Мы выбираемся из глухого чапыжника, и он каждый раз придерживает рукой ветки, чтобы я не наткнулся на колючую хвою. Походка у него легкая, упругая, как бы летящая ...

— Было это годов эдак сорок, да нет — поболее. Возвращался я из Курзенева... вот как сейчас. И хоть дорогу знаю, не заблужусь, а все равно неспокойно, потому как туман поплыл. Невидучая стала погодка, самая что ни есть лешачья... Свернул я на энту тропку, а там, — Егорыч протянул руку, — в метрах сорока, человек стоит, вроде меня поджидает. Едрит твоя муха! В кафтане стоит расстегнутом, войлочной шляпе и в лаптях. Голова его в плечи ушла, в глазах — огненный перелив, а руки вперед выброшены: как бы к броску готовится. И зубами — клац-клац... У меня ружье с собой было, шестнадцатый калибр. Вступаю в дипломатические переговоры: “Кто такой? А ну с дороги! Стрелять буду!” А про себя думаю: видать, кто-то надо мной шутки шутить вздумал, я ведь в нечистую силу не верил... А в ответ — щелк-щелк, клац-клац. И горячим воздухом меня обдает, мяконьким таким; в коленках слабость, напряглось все внутри. Хошь и фронт прошел четыре года, а все равно страшно... “По счету “три” — стреляю!” — кричу я нечистому и курок завожу. Если не чокнутый — убежит, напугается. А глаза его огнем полыхают, голова дергается, зубы щелкают. Вот она, какая штука-то!.. Выдержал я минуту, сказал “три” да и пальнул с правого ствола. Все дымом заволокло, да и туман, ничего не видно. Как бы с боку не напал, думаю, лешак этот. Ружьем на всякий случай отмахиваю... А страхолюд на месте стоит: тот же балахон, брюки, лапти, а рук и головы нет. Вот те на! Подходить стал поближе, присматриваться: высокая фигура человеческого обличья. Толкнул ее стволом да и со страху назад повалился, будто пружиной брошенный. Поднялся, однако. Правую ногу подвину, левую подтяну, снова ружьем туда-сюда толкаю. Любопытство-то — оно сильнее страха. Ага, что-то мягкое прощупывается, будто живая плоть горячая. Запустил я туда руку... — Тут Егорыч замолкает, обходит топкое место на болоте и поджидает меня. — Ну, что это было?..

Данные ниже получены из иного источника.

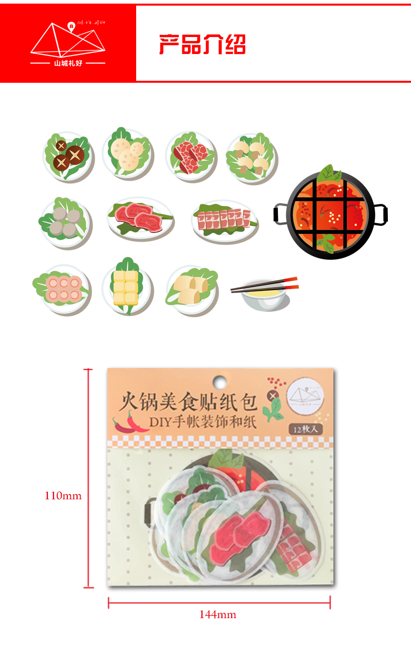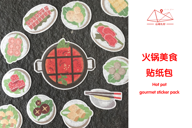 山城火锅美食贴纸包12张/贴纸包/重庆原创伴手礼/旅游纪念品

— Во всяком случае, не медведь, — говорю я уклончиво.

— Знамо, не медведь. Тот бы давно утек. — Он смотрит на меня, как на подающего надежды ученика, и поощрительно улыбается. — Ну, думай, думай!.. Не знаешь?.. А был это обыкновенный еловый пень. Лопнувшая кора — балахон, корни — лапти, ветки — руки. И сидела в нем старая сова, клювом блох выискивала, оттого и клацала. Остальное привиделось...

— Ты к чему мне все это рассказываешь, Егорыч? — в лоб спрашиваю я: мнится мне, что есть в этой истории какой-то скрытый смысл.

— А к тому, что ежли б я был суеверным человеком, то навсегда б повредился от страха.

— Если ты на фронте не повредился, — усмехаюсь я, — то что тебе какая-то лесная кикимора?.. Это просто элементарный испуг... мгновенный шок... состояние тревоги. Страх — это совсем другое.

— А чего — другое-то? — Старик с любопытством оборачивается и ждет объяснений. Мы выходим на более-менее утоптанную тропинку и меняемся местами. Кажется, ноги сами несут меня, каким-то чутьем угадывая ледяные кочки и впадины, скрытые свежим снегом.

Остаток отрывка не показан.